The dish begins with frying minced garlic and ginger in sesame oil until fragrant. The heat is turned off before seasonings like soy sauce and oyster sauce are added:
Here’s the magic of the dish: a little cornstarch is tossed through the chicken so that when steamed, the chicken has a velvety, silky mouthfeel. The chicken, along with dried mushrooms and lapcheong, is tossed in the gingery, garlicky marinade.

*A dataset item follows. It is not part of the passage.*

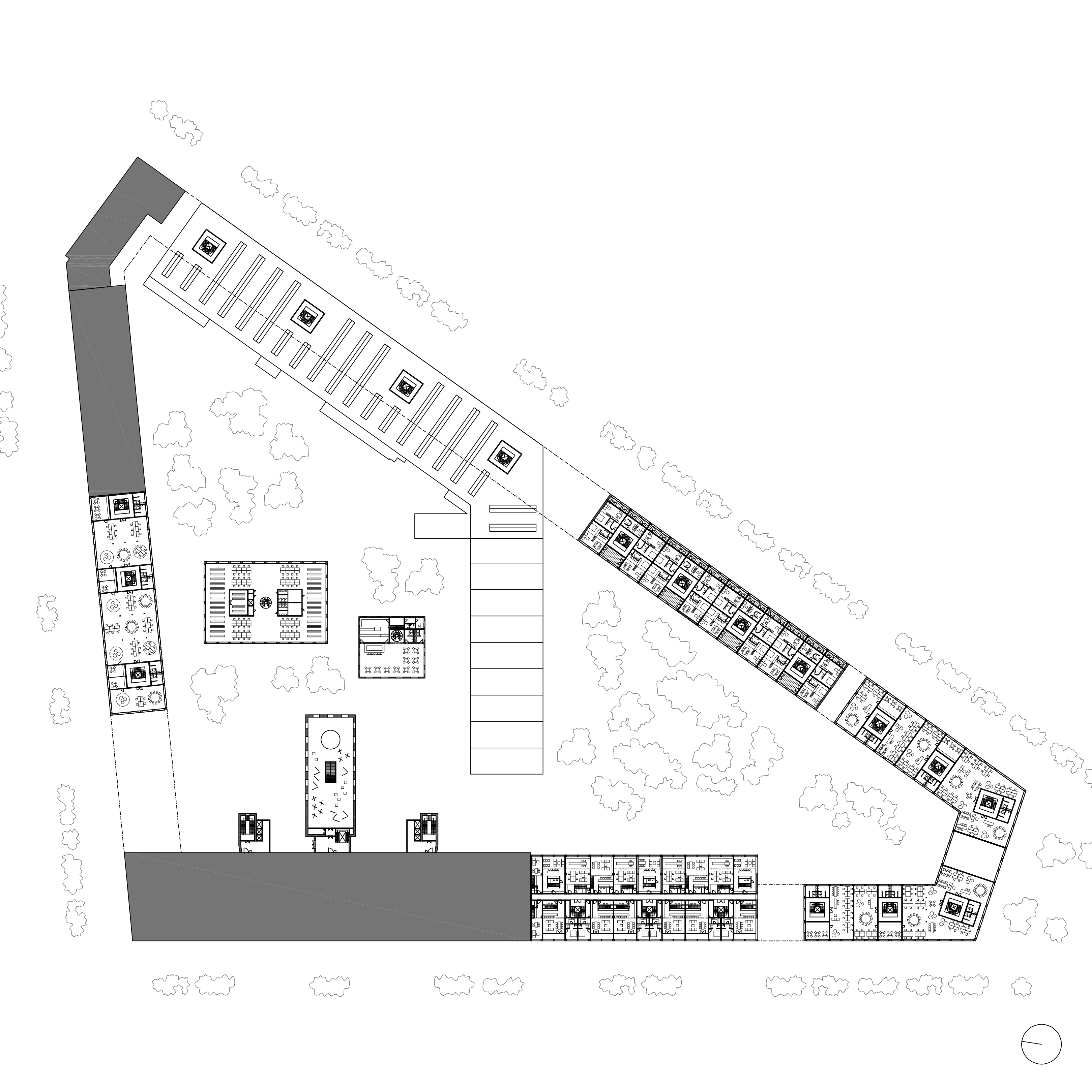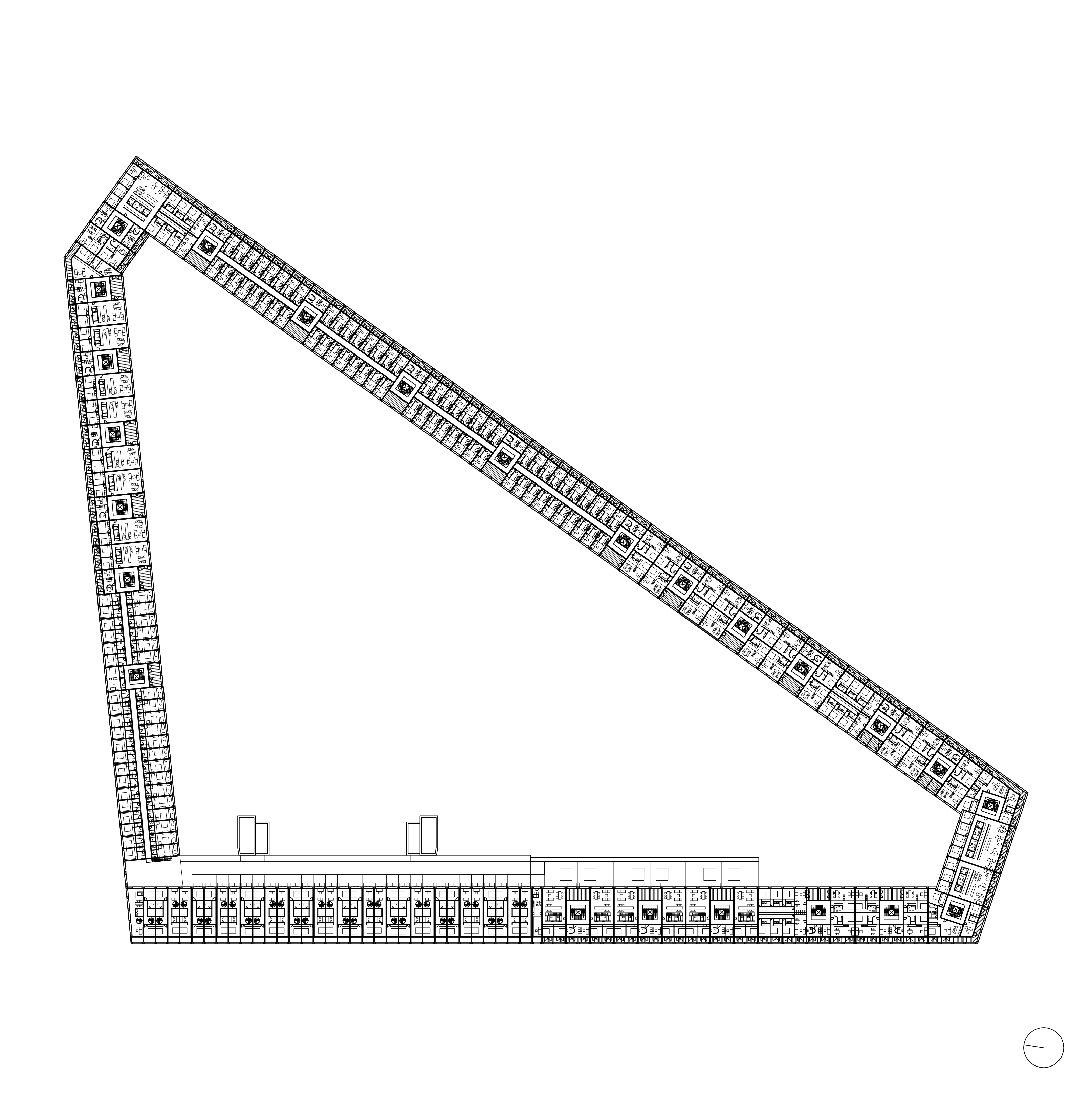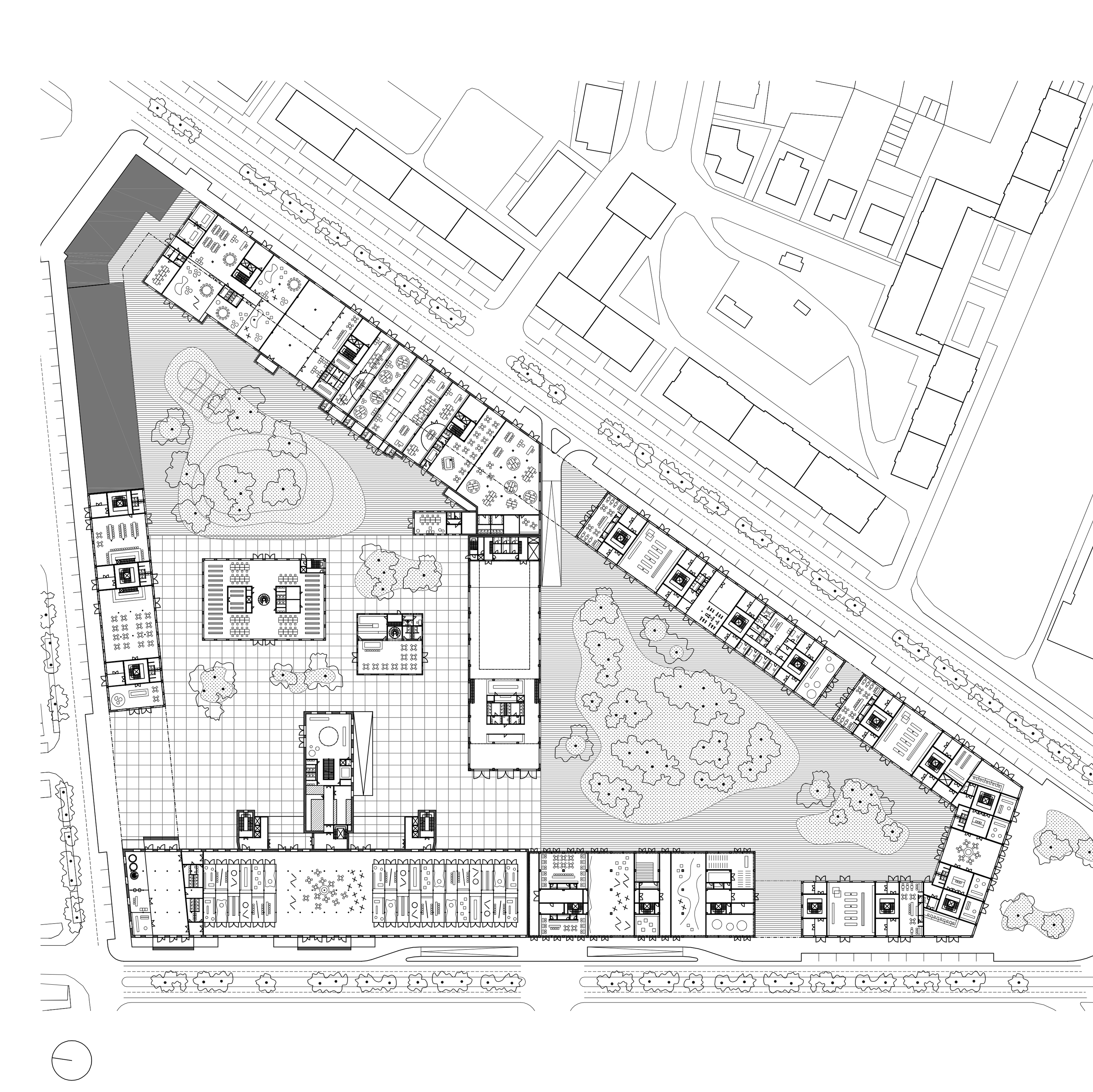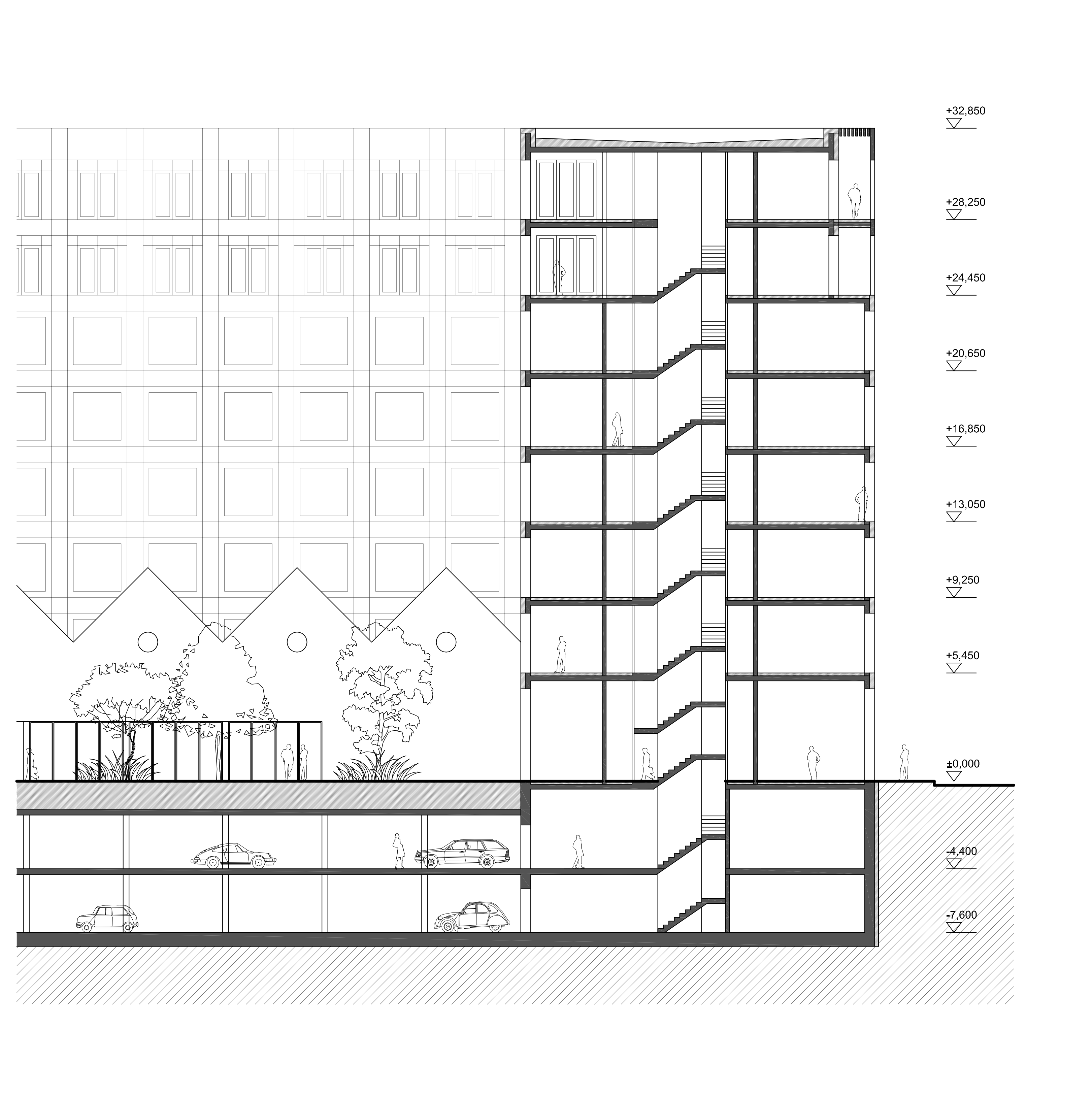 Blok povyšuje vrstvenie Cvernovky na princíp. Vrstvením vzniká hybrid kombinujúci funkcie bývania (62%), občianskej vybavenosti (20%) a administratívy (18%) do jedného polyfunkčného monobloku. Je to aj návrat k myšlienke “mesto v meste” prítomnej v 70-tych rokov v pôvodnom areály Cvernovky. S parterom občianskej vybavenosti zahŕňajúcim obchody, ateliéry, galérie, reštaurácie, bary, kaviarne, škôlku, múzeum, knižnicu alebo multifunkčnú sálu je záujem vytvoriť a dotovať verejný priestor, ktorý vzniká vo vnútrobloku novej Cvernovky.

I love op-shopping and one of my purchases was this pair of bamboo steamers. I lined them with lotus leaves and filled them with soaked glutinous rice:
Once the rice is mostly cooked, the raw chicken mixture goes on top:
Everything steams together in the lotus leaf parcel until the chicken and rice are completely cooked through. As the chicken cooks, it releases its juices - this essence gets absorbed by the rice as it steams. You could try making this dish with jasmine rice instead of glutinous rice for a result closer to traditional claypot rice, but I find glutinous rice way more forgiving in terms of amount of water to use.
Add some boiled vegetables and you’ve got yourself a complete meal. If you’re after more robust flavours, you can drizzle over dark soy sauce and sesame oil over the top to taste and mix them through.